# Multiplexer Pt100



## MichaelHuf (17 Dezember 2007)

Hallo,
ich hab einen Schaltplan zur Wandlung Pt100 auf 0-10V gefunden, dieser hat auch einzeln funktioniert.Nun hab ich 8 Stück auf einen Analog-Multiplexer geführt(4066).Die Umschaltung funktioniert einwandfrei, nur die Messergebnisse ergeben keinen sinn.Eine Liste der Messergebnisse ist im ersten PDF hinterlegt.

Ein Fehler ist ,das z.b. der 1 Pt100 und der 3 Pt100 das gleiche Messergebnisshaben,was nichts ein kann.
Des weiteren müsste doch eigentlich , bei abgeklemmten Fühler, annähernd 10V rauskommen, bei mir 0V.
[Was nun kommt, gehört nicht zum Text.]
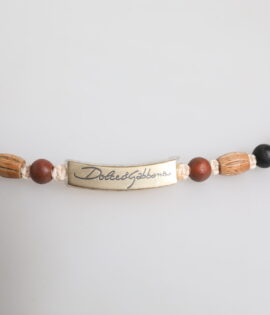Dolce & Gabbana Black Gold Wooden Beaded Logo Pendant

Ich glaub das an meinem Schaltplan irgendwas Faul ist.Da ich aber von Elekronik nicht viel Ahnung, habe frage ich euch?
Diese Steuerung brauch ich für meine Hausautomation mit einer S7.

Danke im Voraus
MFG
Michael


----------



## Nitrozin (17 Dezember 2007)

Der im PDF gezeichnete 8 Kanal Analog-Multiplexer 14051 ist nicht identisch mit dem 4066, das ist ein 4 kanal Analogschalter.

Gruß Volker


----------



## MichaelHuf (17 Dezember 2007)

Sorry mein Fehler,
hast natürlich recht ist ein MC14051B.
Aber hast du auch noch andere Fehler gesehen,theoretisch müsste es doch funktionieren. Oder ?

Michael


----------



## Nitrozin (17 Dezember 2007)

im Prinzip ja ..., aber wenn du dir das Datenblatt des 14051 mal genauer anschaust dann ist die Angabe der Analogeingangsspannung in
Vp-p angegeben und die ist abhängig von deiner IC-Versorgungsspannungs konfiguration. Bei deinen 12V wirst du keine 0-10V oder 20Vp-p muxxen können.

Gruß Volker


----------



## MichaelHuf (17 Dezember 2007)

Hallo Volker ,
erstmal danke für deine Mühen, aber  ich hab schon 10V am Analogeingang angelegt und es  kommen auch fast 10V raus.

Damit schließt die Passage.